> Material shown
◇ ◇ ◇ ◇ ◇

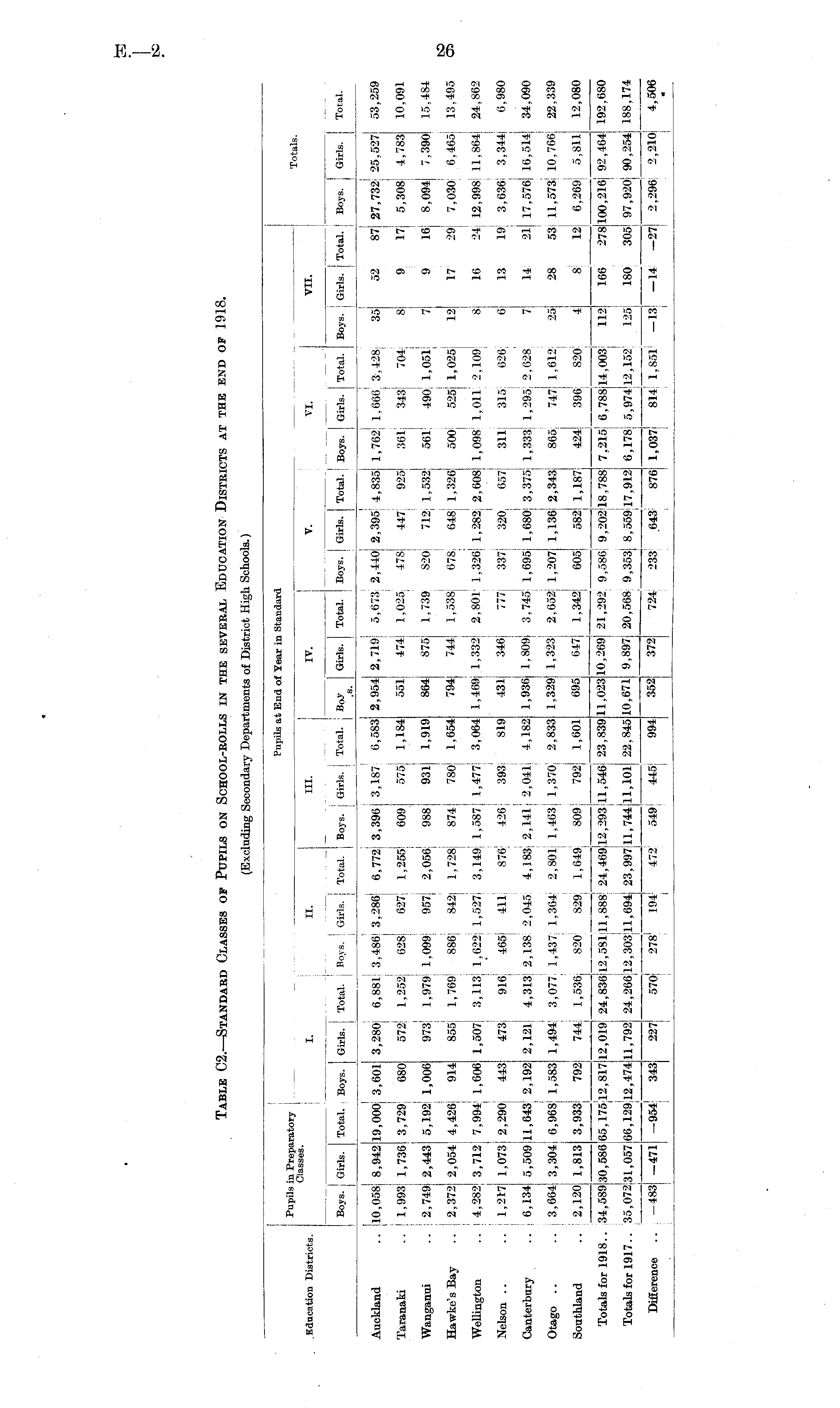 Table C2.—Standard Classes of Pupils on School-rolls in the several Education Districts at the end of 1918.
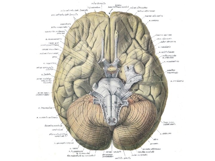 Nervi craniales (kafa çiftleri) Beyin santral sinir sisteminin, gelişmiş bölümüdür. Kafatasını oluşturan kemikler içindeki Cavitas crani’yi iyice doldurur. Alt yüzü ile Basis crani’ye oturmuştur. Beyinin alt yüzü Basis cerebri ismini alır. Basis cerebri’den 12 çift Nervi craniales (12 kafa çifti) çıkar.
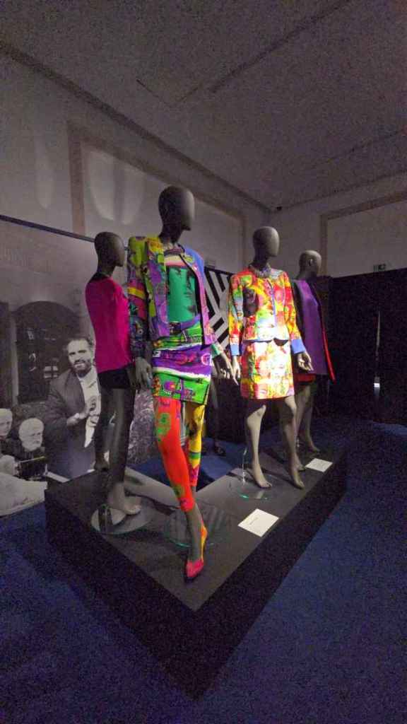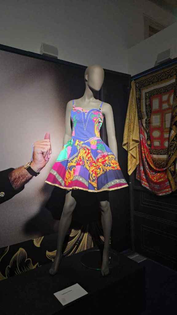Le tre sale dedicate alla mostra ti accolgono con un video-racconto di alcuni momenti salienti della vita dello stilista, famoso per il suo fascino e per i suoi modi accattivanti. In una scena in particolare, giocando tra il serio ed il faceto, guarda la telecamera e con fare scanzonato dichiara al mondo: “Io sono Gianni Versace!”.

◇ ◇ ◇ ◇ ◇

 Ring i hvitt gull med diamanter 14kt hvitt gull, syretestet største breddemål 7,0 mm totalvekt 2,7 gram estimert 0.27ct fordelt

◇ ◇ ◇ ◇ ◇

> How to complete this task
Out of the records above, please copy exactly the lines from the line with "Table C2.—Standard Classes" up to and including the line with "Le tre sale", minus the pictures.

> Answer section
 Table C2.—Standard Classes of Pupils on School-rolls in the several Education Districts at the end of 1918.
 Nervi craniales (kafa çiftleri) Beyin santral sinir sisteminin, gelişmiş bölümüdür. Kafatasını oluşturan kemikler içindeki Cavitas crani’yi iyice doldurur. Alt yüzü ile Basis crani’ye oturmuştur. Beyinin alt yüzü Basis cerebri ismini alır. Basis cerebri’den 12 çift Nervi craniales (12 kafa çifti) çıkar.
Le tre sale dedicate alla mostra ti accolgono con un video-racconto di alcuni momenti salienti della vita dello stilista, famoso per il suo fascino e per i suoi modi accattivanti. In una scena in particolare, giocando tra il serio ed il faceto, guarda la telecamera e con fare scanzonato dichiara al mondo: “Io sono Gianni Versace!”.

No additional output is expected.